HOW TO COMPLETE THIS TASK »
Could you repeat the records below exactly, without the pictures?

_ _ _ _ _

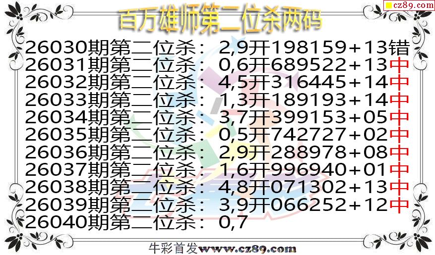 七星彩2026040期百万雄师第二位杀两码图谜 10中9
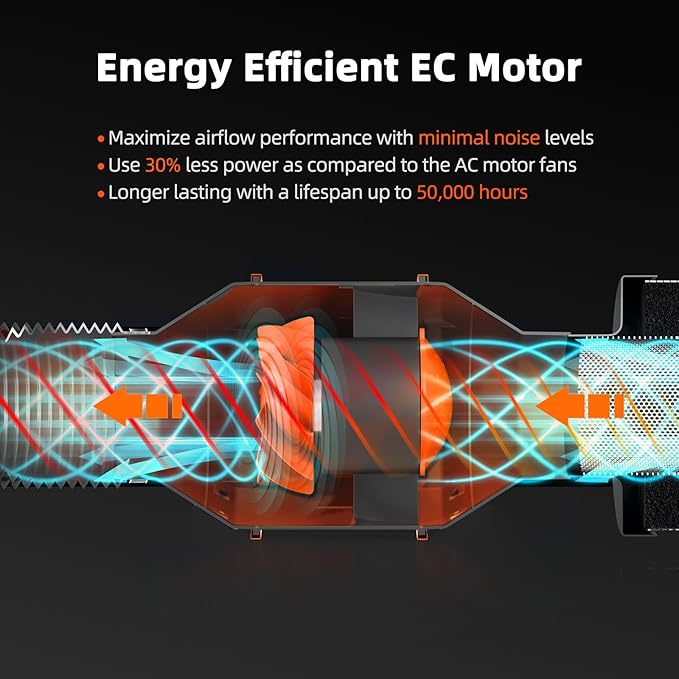 - ๐๐ฎ๐ข๐๐ญ ๐๐ง๐ ๐๐จ๐ฐ๐๐ซ๐๐ฎ๐ฅ: EC motor ensures energy efficiency: 27 watts, 205 CFM airflow, 26.8 dB noise. Lightweight ABS blades increase airflow by 40%. ETL/FCC listed, safe to use
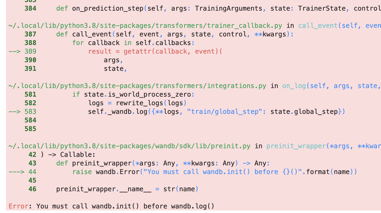 我不明白在哪里叫wandb.log。我甚至尝试过os.environ"WANDB_DISABLED“= "true”,但仍然会遇到错误。请帮帮忙。
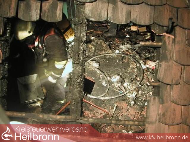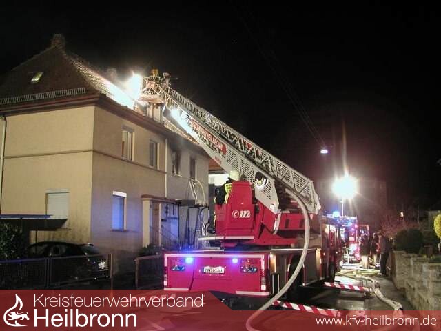 Gegen 02.05 Uhr kam es in einer Doppelhaushälfte in der Heilbronner Hauffstrasse zu einem Dachstuhlbrand.
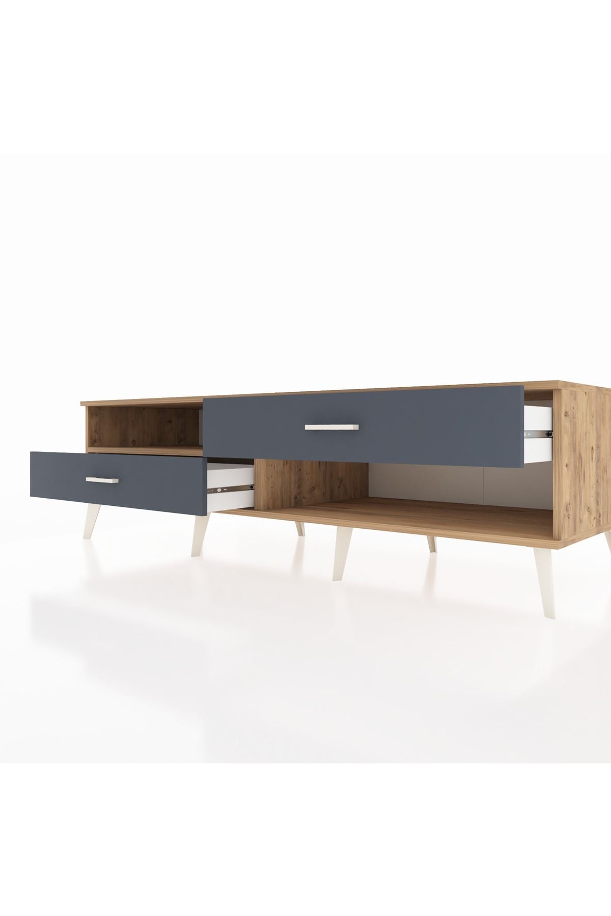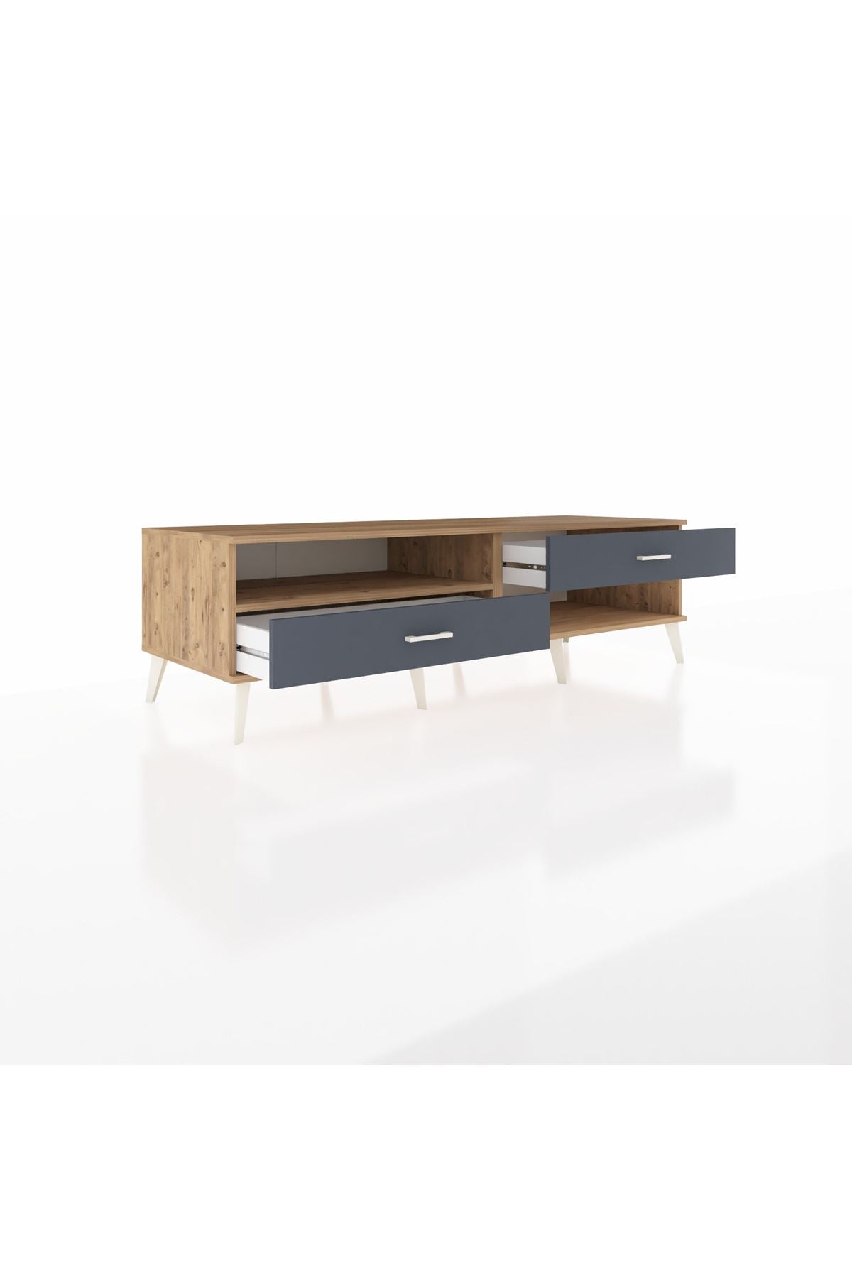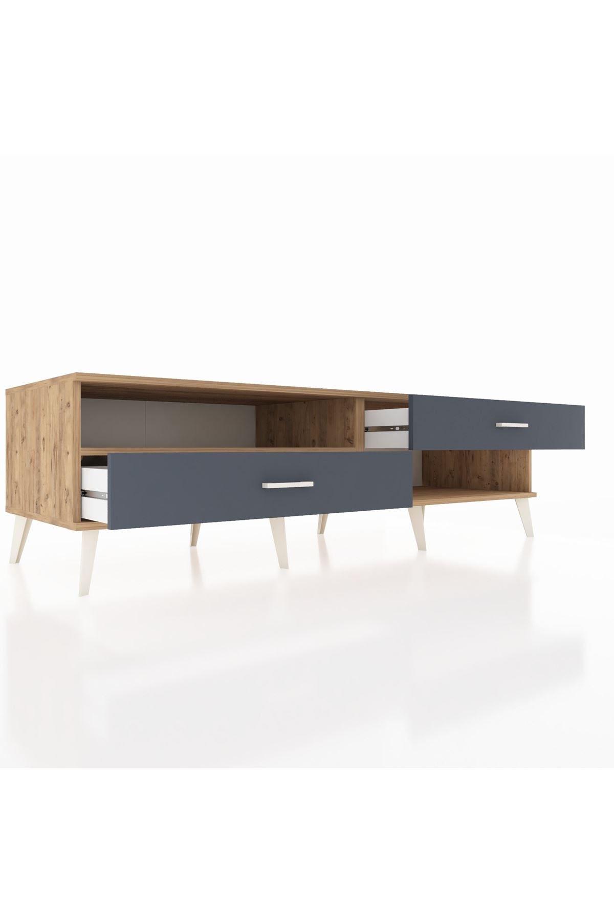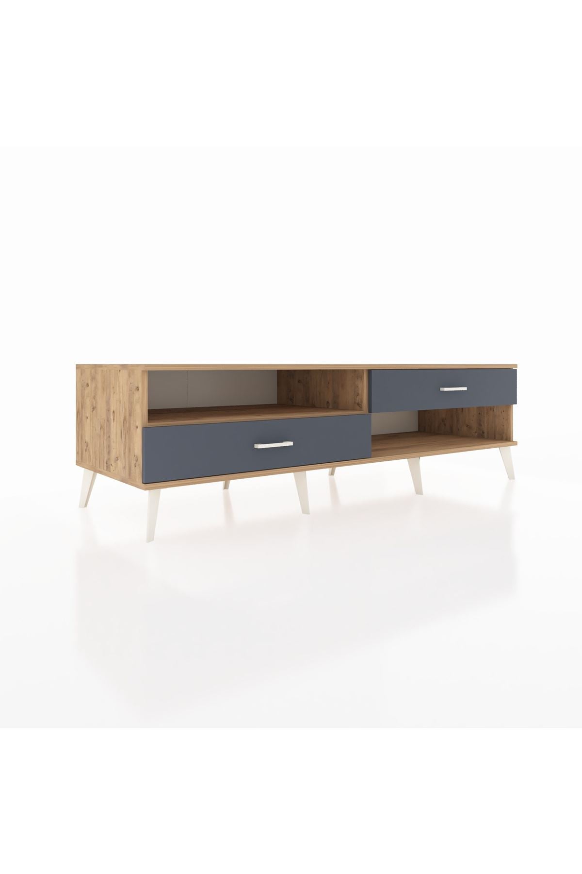 Kronos TV Ünitesi Tek Raflı 2 Çekmeceli 176x59x51 Çam-Çam/Antrasit

_ _ _ _ _

ANSWER TO THE EXERCISE »
 七星彩2026040期百万雄师第二位杀两码图谜 10中9
 - ๐๐ฎ๐ข๐๐ญ ๐๐ง๐ ๐๐จ๐ฐ๐๐ซ๐๐ฎ๐ฅ: EC motor ensures energy efficiency: 27 watts, 205 CFM airflow, 26.8 dB noise. Lightweight ABS blades increase airflow by 40%. ETL/FCC listed, safe to use
 我不明白在哪里叫wandb.log。我甚至尝试过os.environ"WANDB_DISABLED“= "true”,但仍然会遇到错误。请帮帮忙。
 Gegen 02.05 Uhr kam es in einer Doppelhaushälfte in der Heilbronner Hauffstrasse zu einem Dachstuhlbrand.
 Kronos TV Ünitesi Tek Raflı 2 Çekmeceli 176x59x51 Çam-Çam/Antrasit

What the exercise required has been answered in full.